EdNa's two-stage training process results in significant performance gains over the base model, particularly in reasoning-intensive tasks. The Output Correctness (OC) metric measures the percentage of questions where the model generates the exact correct option in a zero-shot setting.

The table below shows the clear progression in performance from the base model, through the SFT stage, to the final RLVR-tuned EdNa model.

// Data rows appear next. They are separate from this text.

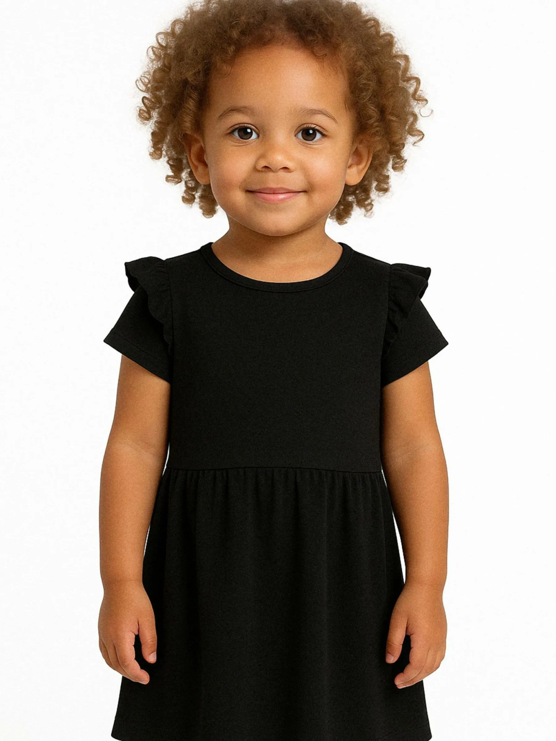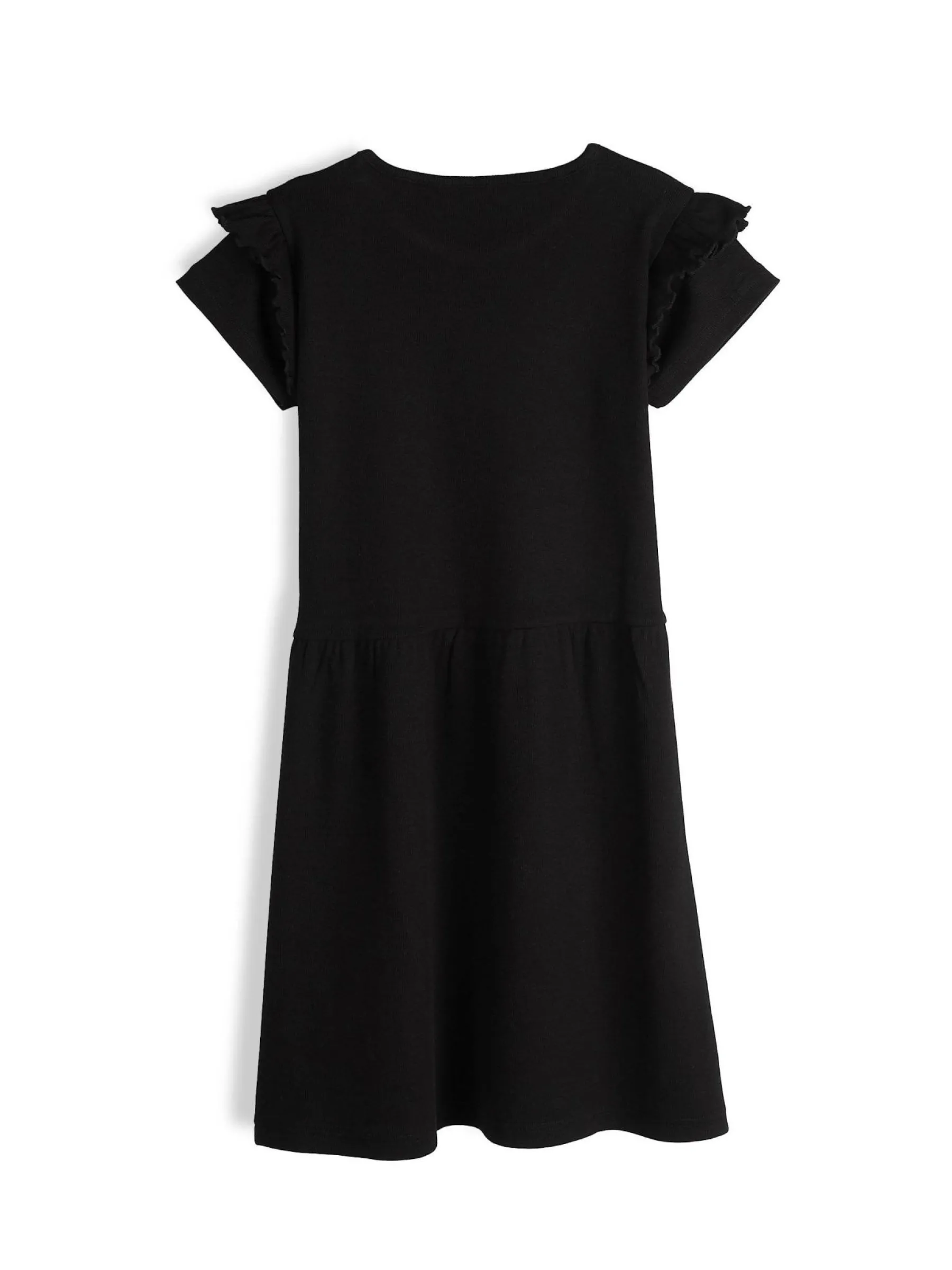 Kolor: czarnyKrój: z falbanąTyp: sukienkaRekaw: krótki rękawDługość: miniPattern style: pojedynczy kolor, żebrow…
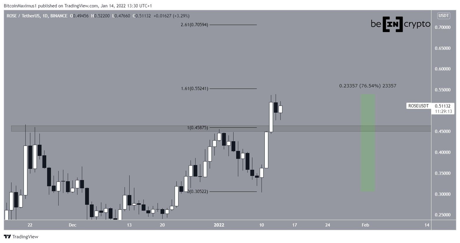 A ROSE está em tendência de alta desde 10 de janeiro, quando atingiu a mínima de US$ 0,30. Quatro dias depois, o token atingiu um novo preço recorde de US$ 0,538. Isso representou uma valorização de 77%.
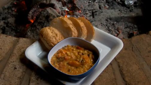 Cut the top off pumpkin (keep it for the lid!) and clean out the seeds etc. Put in vegies and soup mix, put lid back on and wrap in foil. Put into the hot coals for 1-2 hours. Serve with bread. Its delicious!
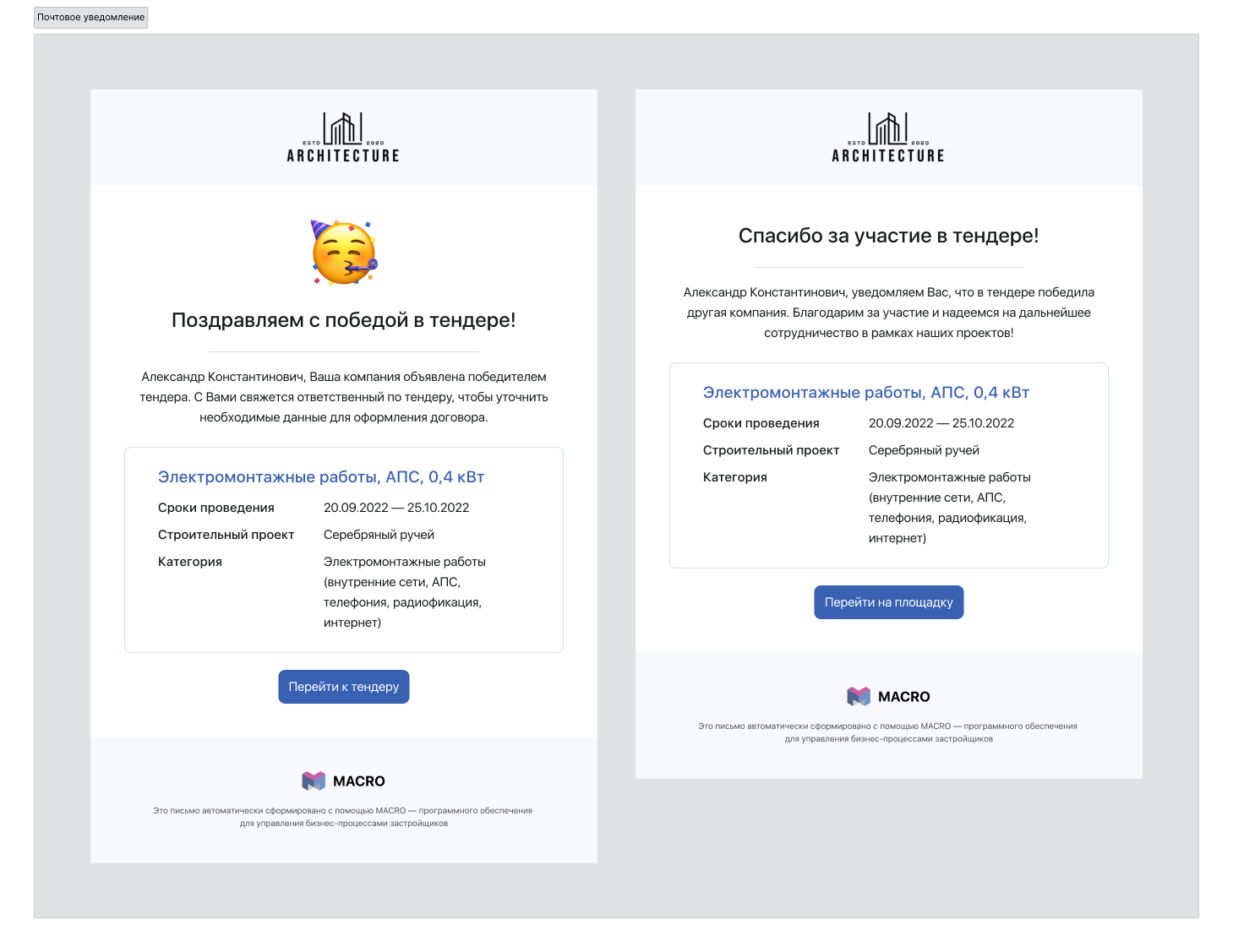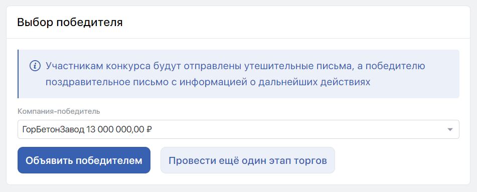 Ответственный за тендер выбирает компанию-победителя и нажимает кнопку «Объявить победителя» — после этого статус тендера меняется на «Завершён», победителю уходит поздравительное письмо, а всем участникам утешительные письма.
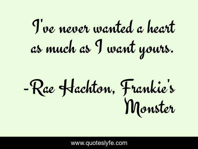 This page presents the quote "I've never wanted a heart as much as I want yours.". Author of this quote is Rae Hachton, Frankie's Monster. This quote is about romance, horror, love, horror-romance, affection,.
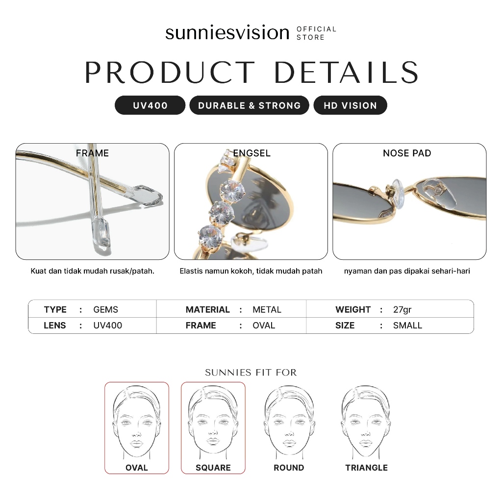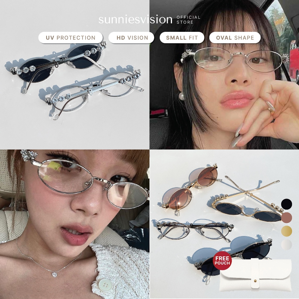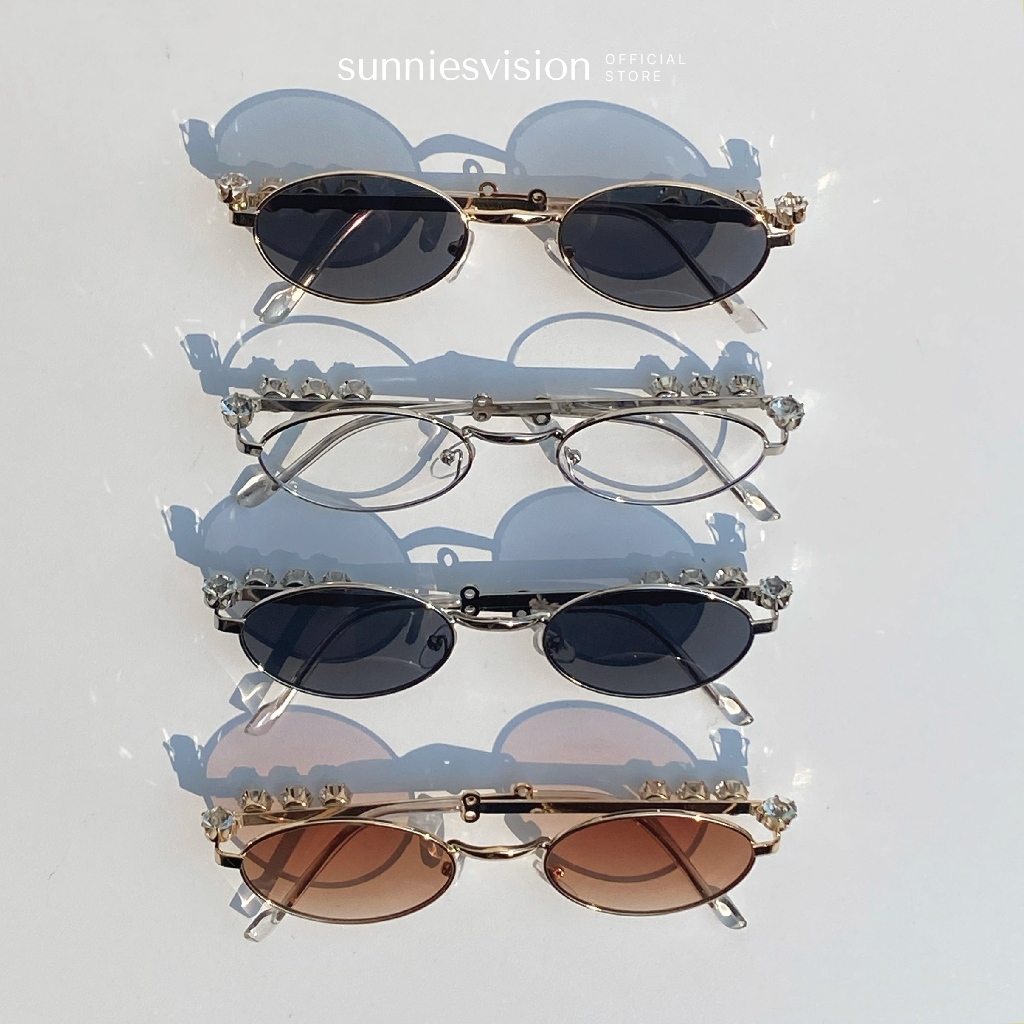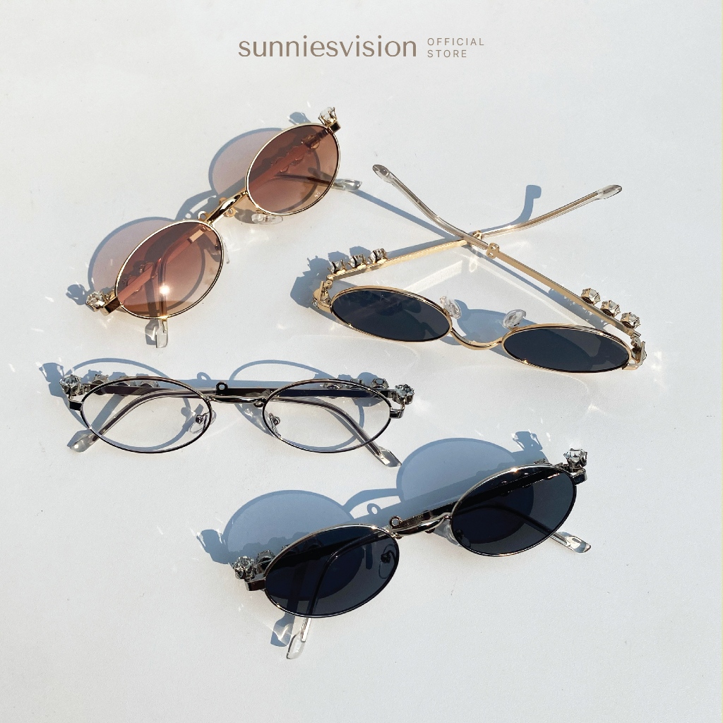 [FREE POUCH] Gems Sunnies Vision - Kacamata Hitam Cat Eye Unisex Fashion Wanita KPOP Y2K UV 400
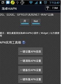1、一键设置网络(内含中国大陆,香港,台湾和韩国的运营商信息)。一键备份、一键恢复、一键删除APN信息,适合刚接触Android手机和经常刷机的朋友。
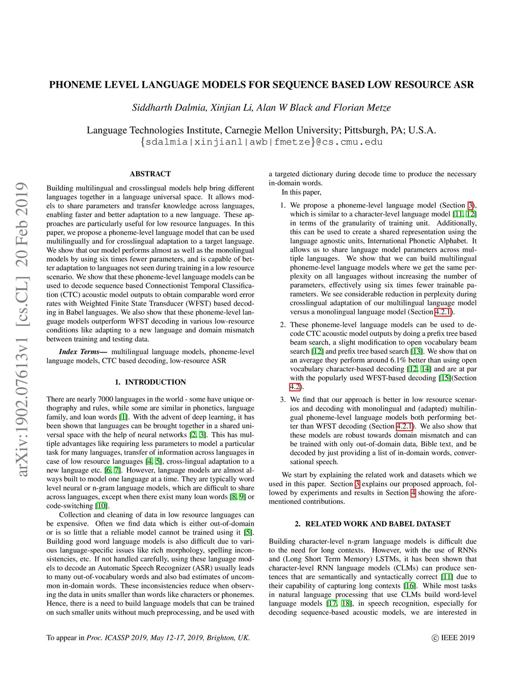 Phoneme Level Language Models for Sequence Based Low Resource ASR
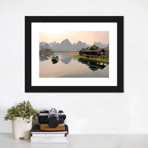 Landscape In Yangshuo shows a tranquil riverside scene with misty mountains, a small boat, and traditional architecture reflected in calm water. Soft blues, greens, browns, grays and a touch of pale orange give it a serene, picturesque mood that suits modern or nature-inspired room decor.
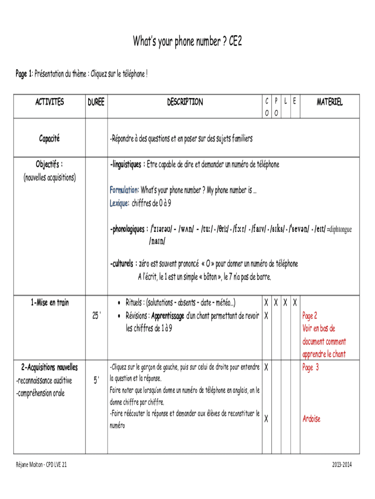 What's your phone number ? CE2 Page 1: Presentation Du the : Clique SUR LE phone ! ACTIVITESDUREECapacitDESCRIPTIONC OP OLEMATERIELRpondre DES question set en poser SUR DES sets familiersObjectifs
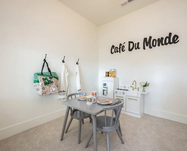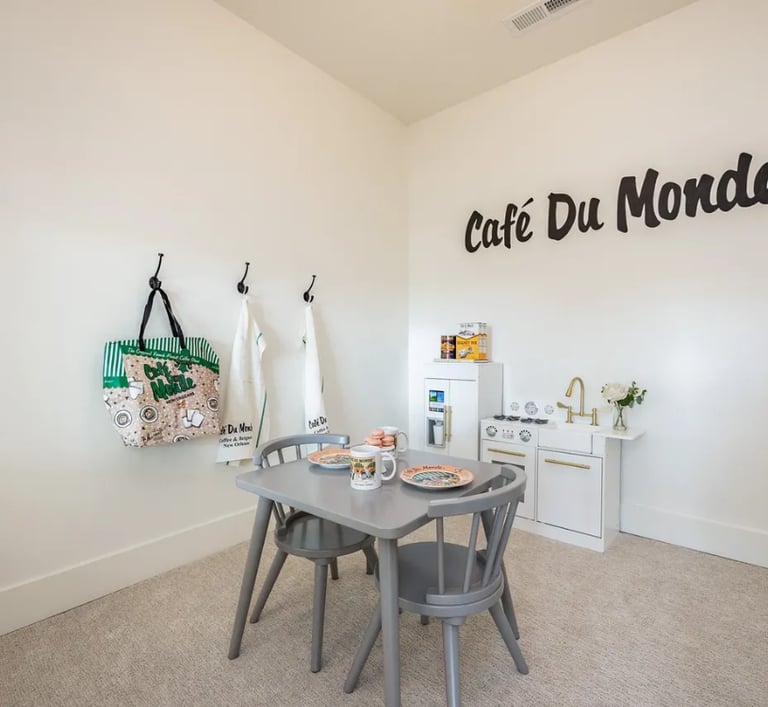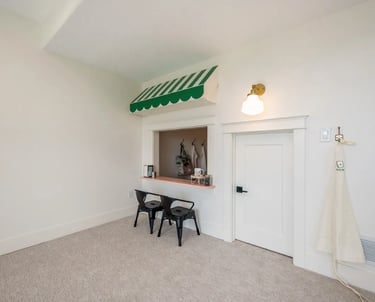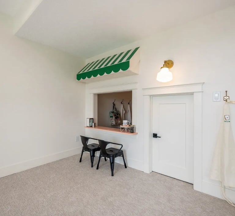 Custom built in child play house in basement.
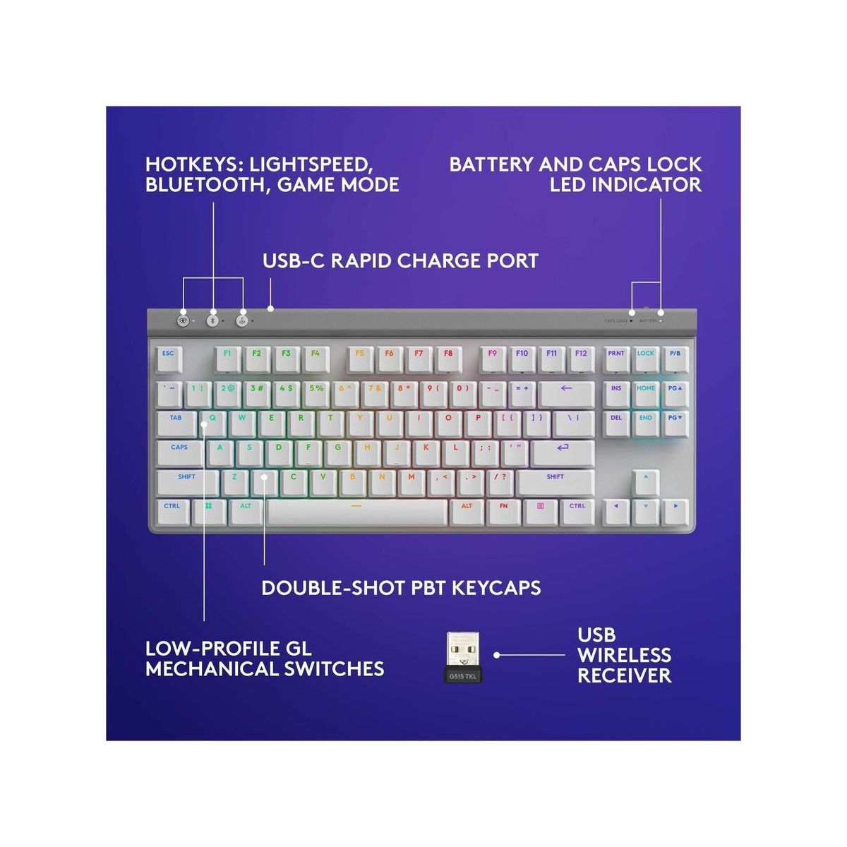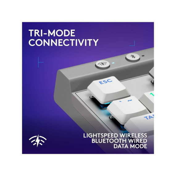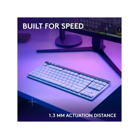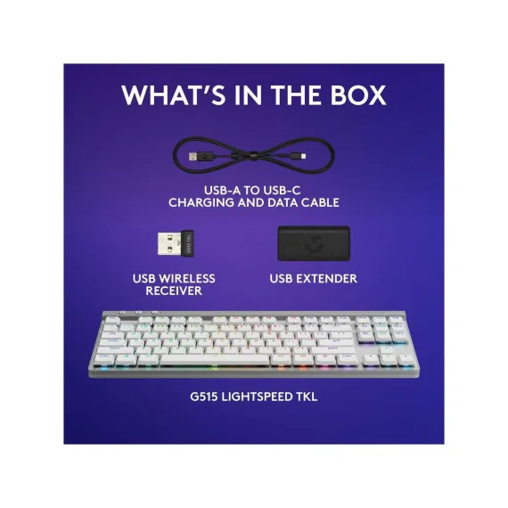 Ultra-thin 22 mm design meets high-performance engineering with Logitech G515 LIGHTSPEED TKL wireless gaming keyboard.Suit your way of play with tri-mode connectivity featuring LIGHTSPEED wireless, Bluetooth, and wired data mode. LIGHTSPEED wireless offers 1 ms report rate and 2:1 pairing with compatible mice using a single USB.Low-profile GL mechanical switches are factory-lubed for faster actuation, available in tactile and linear.Double-shot PBT keycaps and sound dampening layered construction offer durability and accuracy for a superior experience visually and in play.Customize play, create themes and sync other Logitech G gear with LIGHTSYNC RGB in G HUB.Map any key with KEYCONTROL for a personalized command center.
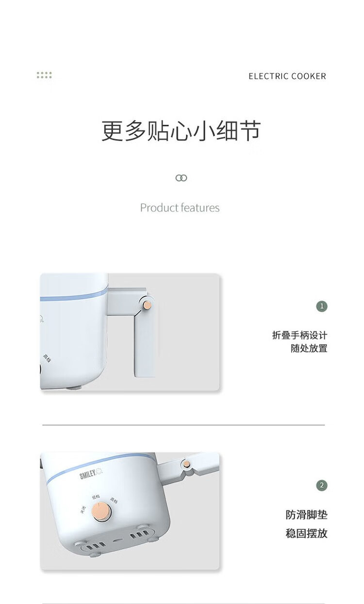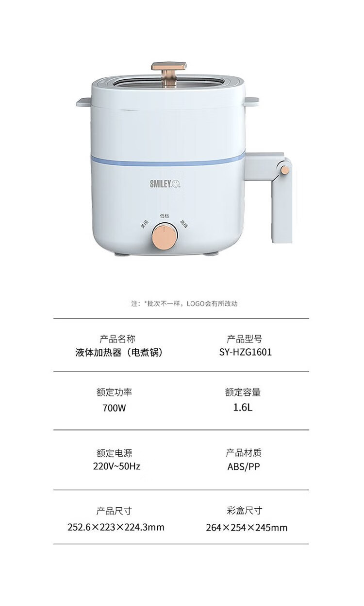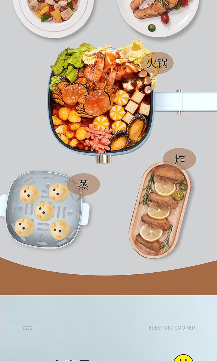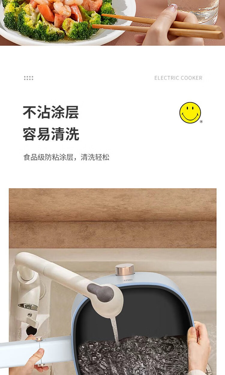 京东sku:100091251499 SMILEY多功能电煮锅 蒸煮一体1.6L容量 SY-HZG1601

| Model             | SciQ (OC) | MMLU (OC) | AquaRat (OC) | MMLU PRO (Likelihood) |
|-------------------|-----------|-----------|--------------|-----------------------|
| Qwen 0.6B Base    | 18.9%     | 4.4%      | 2.5%         | 19.0%                 |
| Qwen SFT          | 77.0%     | 34.9%     | 19.5%        | 20.0%                 |
| EdNa (SFT+RLVR)   | 84.0%     | 42.4%     | 34.1%        | 22.7%                 |

The results highlight:
*   **Effectiveness of RLVR:** The reinforcement learning stage dramatically improves performance on all benchmarks, especially on the math reasoning dataset AquaRat (from 19.5% to 34.1%).
*   **Reliable Formatting:** The training method teaches the model to answer MCQs correctly and in the proper format, boosting the Output Correctness metric significantly over the base model.
*   **Strong Generalization:** The model shows improved reasoning capabilities on the challenging MMLU-PRO benchmark.

## Training Data

EdNa was trained on a diverse corpus of data to ensure robust STEM and instruction-following capabilities.

### SFT Stage
A mixture of datasets including:
*   Math, abstract algebra, and coding subsets from Tulu3 SFT.
*   Math questions from various Stack Exchange sites (stackmathqa2024).
*   General STEM MCQ training splits and instruction-following datasets.
*   A Chain-of-Thought (CoT) dataset to improve reasoning.

### RLVR Stage
Utilized the MCQ datasets listed above, with rewards based on the correctness of the answer and format.